The extract of frankincense or myrrh has shown preliminary ability to inhibit cancer in vitro and several in vivo studies. Most of the studies focused on elucidating the anti-cancer mechanisms such as apoptosis induction, angiogenesis inhibition, drug resistance reduction by targeting NF-κB and/or STAT3 [18, 27,28,29]. Beyond this, as a traditional Chinese medicine, the Xihuang pill composed of frankincense, myrrh, moschus and calculus bovis has been used for cancer therapy since the eighteenth century [30]. Nevertheless, how FM modulates the immunity against cancer is unclear.

To clarify the role of FM in antitumor immunity, the dose of FM used in this study was non-toxic to HCC cells in vitro, and also was non-toxic in a HCC-bearing immunocompromised mouse model, in which no significant side effect was observed between FM-treated and untreated mice. However, using the same dose, FM markedly reduced the activation of NF-κB and STAT3, significantly enhanced CD8+NKG2D+ cell-mediated antitumor efficacy in vitro, and exerted an effective therapeutic potency in HCC-bearing mice with intact immune system. Thus, FM at a non-toxic dose might be able to modulate immune responses against HCC.

Our results seem contradictory with some previous studies showing that the extract of frankincense or myrrh inhibits tumor growth in T cell deficient nude mice. The plausible explanation is that the given doses and components were different. For instance, the FM used in this study was water-decocting extract at a dose of 60 mg/kg/day, while the agent used in other studies was the identified and purified effective component such as boswellic acid at 100 mg/kg/day [18] or guggulsterone at 40–250 mg/kg/day [26, 31]. It would be interesting to investigate if the latter two components also improve antitumor immunity at relative lower non-toxic doses.

The efficacy of immunotherapy for solid tumors relies on the infiltration and the functional activity of immune cells in the TME [32]. Another novel finding in this study is that CD8+ T cells rather than the NK cells, mediated antitumor activity of FM. We found that the infiltration of CD8+ T cells was not increased in FM-treated mice, indicating that the enhanced release of IFN-γ might be contributed by the increased activity of CD8+ T cells within TME. The restored activity of CD8+ T cells should be a result of reducing the immunosuppressive microenvironment of HCC by FM. Previous studies showed that TNF-α induced apoptosis of mature T cells and CD8+ T cells [33, 34]. FM downregulated TNF-α/NF-κB activation in HCC, which may prevent CD8+ T cells undergoing apoptosis. It has also been shown that STAT3 activation in tumor participated in immune suppression on CD8+ T cells [35,36,37], and thus, FM may restore the activity of CD8+ T cells by inhibiting STAT3 activation.
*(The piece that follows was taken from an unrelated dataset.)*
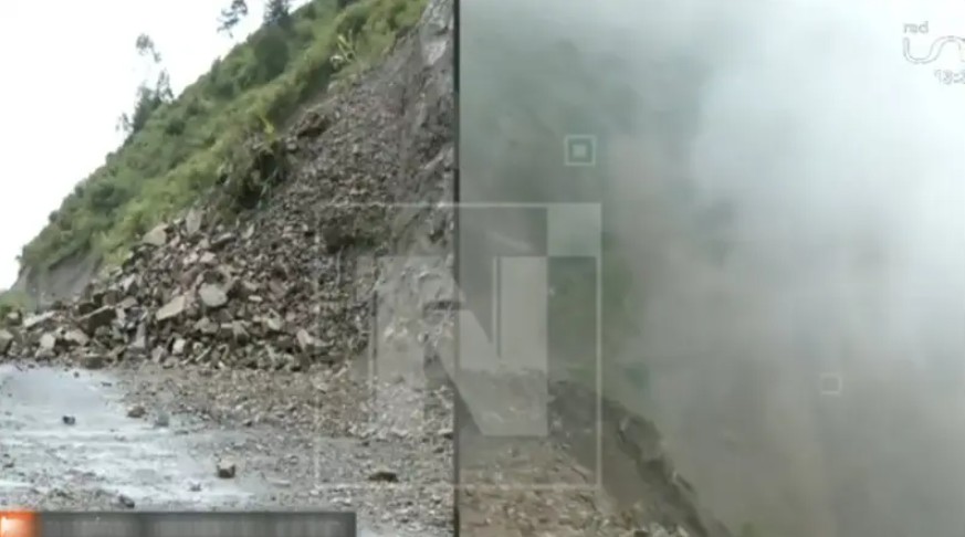 El acceso quedó completamente interrumpido tras un deslizamiento de gran magnitud, ocasionado por las persistentes e intensas lluvias que azotan la zona. La plataforma vial cedió de forma repentina, provocando la caída de toneladas de tierra y rocas hacia el vacío y dejando un profundo corte en la vía.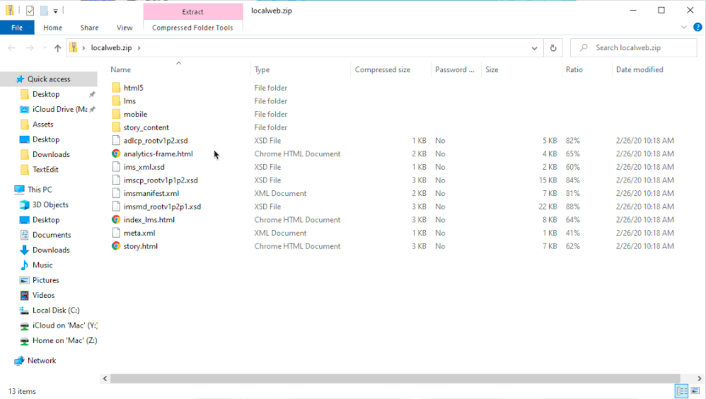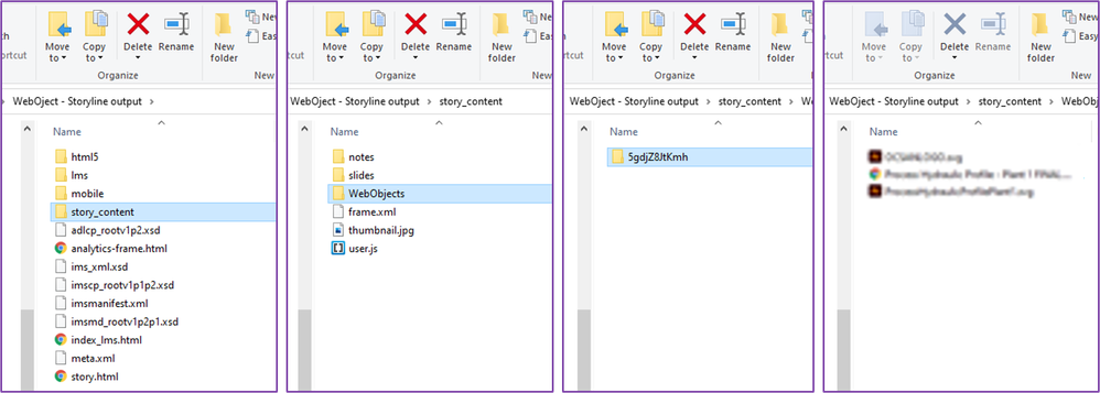 From there, I unzipped the LMS package and clicked on story_content to access the WebObjects folder.

Taken together, since NF-κB and/or STAT3 are constitutively activated in HCC [21], FM may restore the otherwise suppressed activity of CD8+ T cells within TME by targeting NF-κB/STAT3 signaling.

Conclusions

Our study sheds light on the importance of anti-inflammatory intervention in immunotherapy for inflammation-related cancers such as HCC. As the water-decocting FM is the commonly used formula in clinics and is also economic, our finding offers a novel and practical strategy for HCC immunotherapy considering the cancer-related inflammation.